Saturday, January 9, 2016

They Slept on Their Swords

Ether 13-15 tells of the destruction of the Jaredite people.  Actually, when I write it that way, it doesn't seem correct.  It makes it sound as though the Jaredite people are destroyed by something other than themselves.  The fact is that they fought and fought through warnings and prophecies until there was only Coriantumr left alive.

These chapters tell of battles wherein victory is won by one side and then the other.  Back and forth.  The wars so destructive and constant that they stopped taking time to pause and bury the dead.  They simply gave chase and fought some more.

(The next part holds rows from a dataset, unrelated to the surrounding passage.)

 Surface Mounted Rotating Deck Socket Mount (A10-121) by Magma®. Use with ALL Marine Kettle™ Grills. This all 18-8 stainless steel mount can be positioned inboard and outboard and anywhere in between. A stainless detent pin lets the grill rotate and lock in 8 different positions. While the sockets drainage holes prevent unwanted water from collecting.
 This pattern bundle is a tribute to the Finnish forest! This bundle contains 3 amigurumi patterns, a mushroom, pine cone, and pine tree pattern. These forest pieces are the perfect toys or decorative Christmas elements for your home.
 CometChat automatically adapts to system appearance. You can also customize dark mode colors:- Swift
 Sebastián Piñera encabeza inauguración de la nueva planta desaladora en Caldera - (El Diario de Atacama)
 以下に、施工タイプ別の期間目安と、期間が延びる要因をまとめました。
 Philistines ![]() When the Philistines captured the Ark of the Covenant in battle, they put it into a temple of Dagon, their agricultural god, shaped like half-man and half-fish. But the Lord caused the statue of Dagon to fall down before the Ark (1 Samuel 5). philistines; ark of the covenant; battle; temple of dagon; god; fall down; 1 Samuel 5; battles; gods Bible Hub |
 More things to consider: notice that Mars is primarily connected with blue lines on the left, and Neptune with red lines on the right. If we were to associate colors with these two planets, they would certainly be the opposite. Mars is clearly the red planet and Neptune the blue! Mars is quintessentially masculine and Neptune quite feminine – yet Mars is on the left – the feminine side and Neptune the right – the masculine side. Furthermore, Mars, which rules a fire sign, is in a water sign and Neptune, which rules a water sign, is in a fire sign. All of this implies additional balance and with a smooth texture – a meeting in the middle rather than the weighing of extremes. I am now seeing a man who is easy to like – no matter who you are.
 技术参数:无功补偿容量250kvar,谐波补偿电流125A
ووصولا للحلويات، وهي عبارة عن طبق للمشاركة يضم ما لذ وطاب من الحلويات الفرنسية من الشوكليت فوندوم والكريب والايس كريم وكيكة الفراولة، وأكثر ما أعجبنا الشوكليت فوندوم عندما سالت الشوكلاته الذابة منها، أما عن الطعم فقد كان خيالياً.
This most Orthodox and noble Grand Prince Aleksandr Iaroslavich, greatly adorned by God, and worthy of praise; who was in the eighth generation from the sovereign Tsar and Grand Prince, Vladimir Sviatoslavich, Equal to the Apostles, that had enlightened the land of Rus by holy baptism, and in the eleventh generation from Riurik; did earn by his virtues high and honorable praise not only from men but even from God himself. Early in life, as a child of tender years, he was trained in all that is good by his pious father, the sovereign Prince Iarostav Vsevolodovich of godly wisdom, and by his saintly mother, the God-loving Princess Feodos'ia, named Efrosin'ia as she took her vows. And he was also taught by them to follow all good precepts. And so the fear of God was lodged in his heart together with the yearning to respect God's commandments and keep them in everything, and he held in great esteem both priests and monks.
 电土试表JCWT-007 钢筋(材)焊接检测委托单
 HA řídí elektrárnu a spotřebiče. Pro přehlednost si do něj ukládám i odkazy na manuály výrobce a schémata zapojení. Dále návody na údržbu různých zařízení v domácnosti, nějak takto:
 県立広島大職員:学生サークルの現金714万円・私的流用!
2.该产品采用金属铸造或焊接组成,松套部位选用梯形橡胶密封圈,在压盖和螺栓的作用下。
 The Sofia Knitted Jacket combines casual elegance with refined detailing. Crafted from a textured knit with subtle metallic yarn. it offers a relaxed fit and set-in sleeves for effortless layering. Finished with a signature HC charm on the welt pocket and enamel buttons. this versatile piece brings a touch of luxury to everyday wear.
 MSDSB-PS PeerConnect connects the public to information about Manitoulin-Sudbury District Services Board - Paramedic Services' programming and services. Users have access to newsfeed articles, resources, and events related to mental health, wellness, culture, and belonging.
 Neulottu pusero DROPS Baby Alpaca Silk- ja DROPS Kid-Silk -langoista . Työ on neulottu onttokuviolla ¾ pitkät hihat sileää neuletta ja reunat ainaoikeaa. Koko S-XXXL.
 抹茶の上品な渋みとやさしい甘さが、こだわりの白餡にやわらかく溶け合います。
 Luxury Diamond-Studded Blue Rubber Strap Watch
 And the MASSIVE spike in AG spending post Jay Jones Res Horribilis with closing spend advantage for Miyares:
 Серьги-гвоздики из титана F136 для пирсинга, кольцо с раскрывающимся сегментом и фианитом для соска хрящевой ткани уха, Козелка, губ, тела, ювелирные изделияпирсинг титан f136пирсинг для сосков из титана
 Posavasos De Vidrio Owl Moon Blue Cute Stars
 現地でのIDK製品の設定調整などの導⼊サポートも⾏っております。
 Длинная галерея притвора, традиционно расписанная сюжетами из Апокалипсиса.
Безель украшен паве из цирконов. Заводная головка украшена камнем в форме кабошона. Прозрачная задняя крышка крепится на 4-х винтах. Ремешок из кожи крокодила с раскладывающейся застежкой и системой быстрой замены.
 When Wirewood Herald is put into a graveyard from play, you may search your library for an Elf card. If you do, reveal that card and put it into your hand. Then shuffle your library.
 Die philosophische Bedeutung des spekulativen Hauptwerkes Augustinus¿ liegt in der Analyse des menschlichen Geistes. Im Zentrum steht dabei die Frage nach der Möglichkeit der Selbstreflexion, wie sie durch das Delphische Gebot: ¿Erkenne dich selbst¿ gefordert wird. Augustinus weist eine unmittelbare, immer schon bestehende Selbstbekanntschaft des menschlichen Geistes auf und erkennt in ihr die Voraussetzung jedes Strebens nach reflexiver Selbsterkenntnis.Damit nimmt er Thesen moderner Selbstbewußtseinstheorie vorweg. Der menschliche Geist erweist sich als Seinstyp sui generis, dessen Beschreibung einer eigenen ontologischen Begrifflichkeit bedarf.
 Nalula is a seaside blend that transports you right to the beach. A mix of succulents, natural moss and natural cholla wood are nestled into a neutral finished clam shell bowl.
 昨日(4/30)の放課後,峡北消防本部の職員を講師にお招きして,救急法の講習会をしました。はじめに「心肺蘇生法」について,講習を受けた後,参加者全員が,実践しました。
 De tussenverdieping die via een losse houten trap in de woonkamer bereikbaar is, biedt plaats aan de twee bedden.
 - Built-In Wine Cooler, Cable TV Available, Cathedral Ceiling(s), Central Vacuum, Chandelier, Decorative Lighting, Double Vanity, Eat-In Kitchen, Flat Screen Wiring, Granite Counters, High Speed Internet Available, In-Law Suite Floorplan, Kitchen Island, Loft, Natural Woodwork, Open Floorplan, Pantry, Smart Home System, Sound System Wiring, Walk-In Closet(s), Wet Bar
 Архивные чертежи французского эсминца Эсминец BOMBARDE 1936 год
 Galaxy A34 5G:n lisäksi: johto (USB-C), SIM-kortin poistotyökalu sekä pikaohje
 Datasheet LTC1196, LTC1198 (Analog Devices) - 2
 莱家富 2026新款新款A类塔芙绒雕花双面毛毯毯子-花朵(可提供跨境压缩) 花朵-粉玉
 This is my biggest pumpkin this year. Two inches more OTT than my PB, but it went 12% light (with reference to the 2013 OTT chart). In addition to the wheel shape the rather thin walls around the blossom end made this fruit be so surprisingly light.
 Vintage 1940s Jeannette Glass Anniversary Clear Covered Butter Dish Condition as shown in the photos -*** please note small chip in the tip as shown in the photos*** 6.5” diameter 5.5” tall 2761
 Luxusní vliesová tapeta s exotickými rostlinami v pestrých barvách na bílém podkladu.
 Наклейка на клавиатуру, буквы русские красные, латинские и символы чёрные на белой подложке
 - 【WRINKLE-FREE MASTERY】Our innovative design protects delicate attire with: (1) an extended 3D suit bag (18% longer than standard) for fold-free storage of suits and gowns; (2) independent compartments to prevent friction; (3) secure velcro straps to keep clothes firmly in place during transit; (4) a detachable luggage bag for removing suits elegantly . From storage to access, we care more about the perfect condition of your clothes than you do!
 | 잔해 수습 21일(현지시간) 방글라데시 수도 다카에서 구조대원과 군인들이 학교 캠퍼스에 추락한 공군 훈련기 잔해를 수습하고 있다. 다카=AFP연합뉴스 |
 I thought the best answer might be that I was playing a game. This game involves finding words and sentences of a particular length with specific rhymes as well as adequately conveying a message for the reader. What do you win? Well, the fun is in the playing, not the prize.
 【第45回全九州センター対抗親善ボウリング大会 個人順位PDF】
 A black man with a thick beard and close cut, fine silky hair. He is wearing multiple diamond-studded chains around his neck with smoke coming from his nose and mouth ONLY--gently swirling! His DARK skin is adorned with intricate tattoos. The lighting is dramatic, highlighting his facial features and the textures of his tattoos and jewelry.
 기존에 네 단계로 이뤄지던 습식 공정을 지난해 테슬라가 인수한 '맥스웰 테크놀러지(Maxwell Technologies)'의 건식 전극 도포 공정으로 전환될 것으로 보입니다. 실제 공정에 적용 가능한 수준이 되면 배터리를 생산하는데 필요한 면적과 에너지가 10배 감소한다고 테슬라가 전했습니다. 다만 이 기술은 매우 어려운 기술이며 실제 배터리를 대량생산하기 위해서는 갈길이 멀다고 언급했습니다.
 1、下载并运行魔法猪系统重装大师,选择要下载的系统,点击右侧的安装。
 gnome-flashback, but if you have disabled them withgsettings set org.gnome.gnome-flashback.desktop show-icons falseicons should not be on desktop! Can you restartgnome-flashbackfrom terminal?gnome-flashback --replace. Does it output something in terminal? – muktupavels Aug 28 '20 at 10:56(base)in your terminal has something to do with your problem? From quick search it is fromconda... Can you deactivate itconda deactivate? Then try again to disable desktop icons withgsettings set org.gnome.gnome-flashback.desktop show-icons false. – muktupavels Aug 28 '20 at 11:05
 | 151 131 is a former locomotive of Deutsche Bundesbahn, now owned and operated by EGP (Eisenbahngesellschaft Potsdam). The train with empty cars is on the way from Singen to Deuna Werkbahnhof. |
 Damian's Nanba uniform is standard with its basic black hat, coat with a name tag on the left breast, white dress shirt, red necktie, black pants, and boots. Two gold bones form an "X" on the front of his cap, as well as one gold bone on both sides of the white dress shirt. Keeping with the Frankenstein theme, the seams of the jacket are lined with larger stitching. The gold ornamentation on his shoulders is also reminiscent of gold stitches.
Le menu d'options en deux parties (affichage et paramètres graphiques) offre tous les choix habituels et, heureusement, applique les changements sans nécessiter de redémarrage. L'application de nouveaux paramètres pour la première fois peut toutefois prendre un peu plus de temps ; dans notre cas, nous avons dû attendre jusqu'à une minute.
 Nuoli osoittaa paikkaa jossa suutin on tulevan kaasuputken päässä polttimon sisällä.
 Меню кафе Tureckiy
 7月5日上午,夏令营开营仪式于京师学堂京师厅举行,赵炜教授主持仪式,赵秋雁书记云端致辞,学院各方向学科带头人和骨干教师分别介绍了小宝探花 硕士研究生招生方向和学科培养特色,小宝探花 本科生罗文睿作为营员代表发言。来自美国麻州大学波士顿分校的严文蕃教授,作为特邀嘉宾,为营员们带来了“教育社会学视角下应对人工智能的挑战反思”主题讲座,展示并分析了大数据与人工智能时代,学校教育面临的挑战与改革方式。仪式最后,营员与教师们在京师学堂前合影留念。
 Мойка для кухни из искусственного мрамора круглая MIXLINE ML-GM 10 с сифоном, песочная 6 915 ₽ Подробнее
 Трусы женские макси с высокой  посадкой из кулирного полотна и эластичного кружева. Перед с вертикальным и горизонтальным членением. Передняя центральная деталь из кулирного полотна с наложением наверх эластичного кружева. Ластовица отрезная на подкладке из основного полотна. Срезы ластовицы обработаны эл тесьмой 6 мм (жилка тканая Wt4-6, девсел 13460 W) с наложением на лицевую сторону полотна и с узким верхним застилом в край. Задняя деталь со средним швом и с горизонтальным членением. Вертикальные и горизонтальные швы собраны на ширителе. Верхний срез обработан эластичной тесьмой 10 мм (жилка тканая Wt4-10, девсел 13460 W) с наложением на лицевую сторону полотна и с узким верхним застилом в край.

It occurs to me that this can be seen as a parallel of my life at times.  Of course I am not in a war or shedding blood, but Heavenly Father has given me instructions, commandments, and personal revelation about what I should be doing to stay close to Him.  Often my days are filled with busyness that does not include enough of those wonderful things which he expects me to do.  Those things would give me joy.  Those things would save me.  I hope that I am not as bad as the Jaradites I just read about in these chapters, but I think sometimes by pursuing the wrong things with too much haste and vigor I am hurrying towards unhappiness.  Those people became lost in all the destruction.  They didn't stop to think.  They fought, slept on their swords, and awoke to fight again.  Maybe one of the reasons I have been having trouble sleeping is because I am "sleeping on my sword" and not allowing my mind to calm and put my trust in my Father in Heaven.